§ RECORDED INFORMATION
◆ ◆ ◆ ◆ ◆

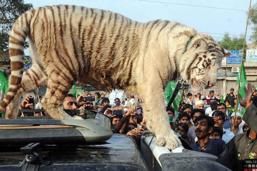 当地时间3月31日,巴基斯坦拉合尔,一只老虎被抗议者拴在车顶参加示威活动。当日,众多市民集结,抗议该市大范围的电力短缺。AFP PHOTO/Arif ALI
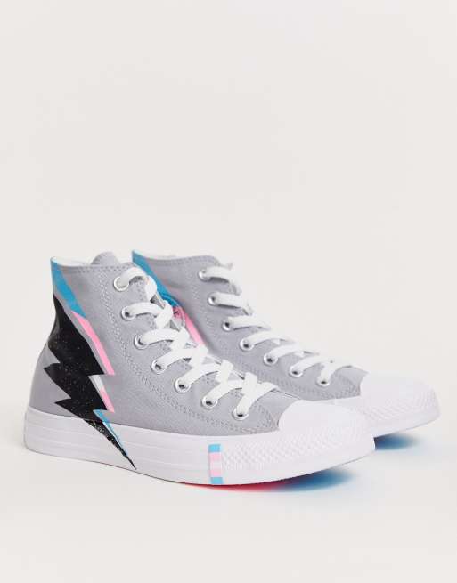 Zapatillas de deporte grises azules y rosas hi top con detalle de rayo Pride Chuck Taylor All Star de Converse Very well made.
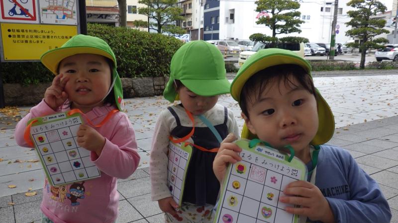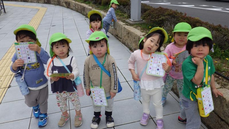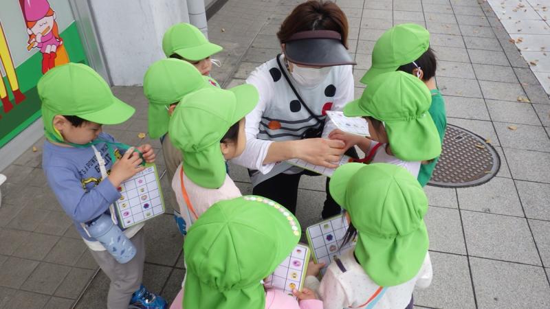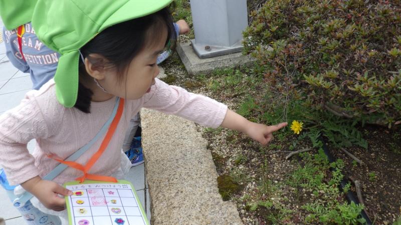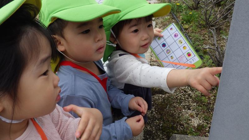 カードを見ながら知っているものを発見すると、「たんぽぽあったよ~」「アリさんおったよ~」と
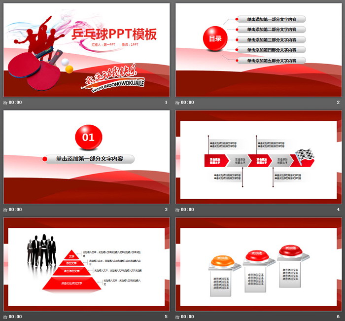 幻灯片模板封面,使用了红色曲线、乒乓球运动员剪影、乒乓球拍和2个乒乓球作为背景图片。中间填写PPT标题,右下角使用了我运动我快了艺术字作为PPT副标题。

◆ ◆ ◆ ◆ ◆

§ TASK DESCRIPTION
Output nothing but the lines from the line with "カードを見ながら知っているも" through the last line of the material above, please, word for word and without the pictures.

§ EXERCISE OUTPUT
 カードを見ながら知っているものを発見すると、「たんぽぽあったよ~」「アリさんおったよ~」と
 幻灯片模板封面,使用了红色曲线、乒乓球运动员剪影、乒乓球拍和2个乒乓球作为背景图片。中间填写PPT标题,右下角使用了我运动我快了艺术字作为PPT副标题。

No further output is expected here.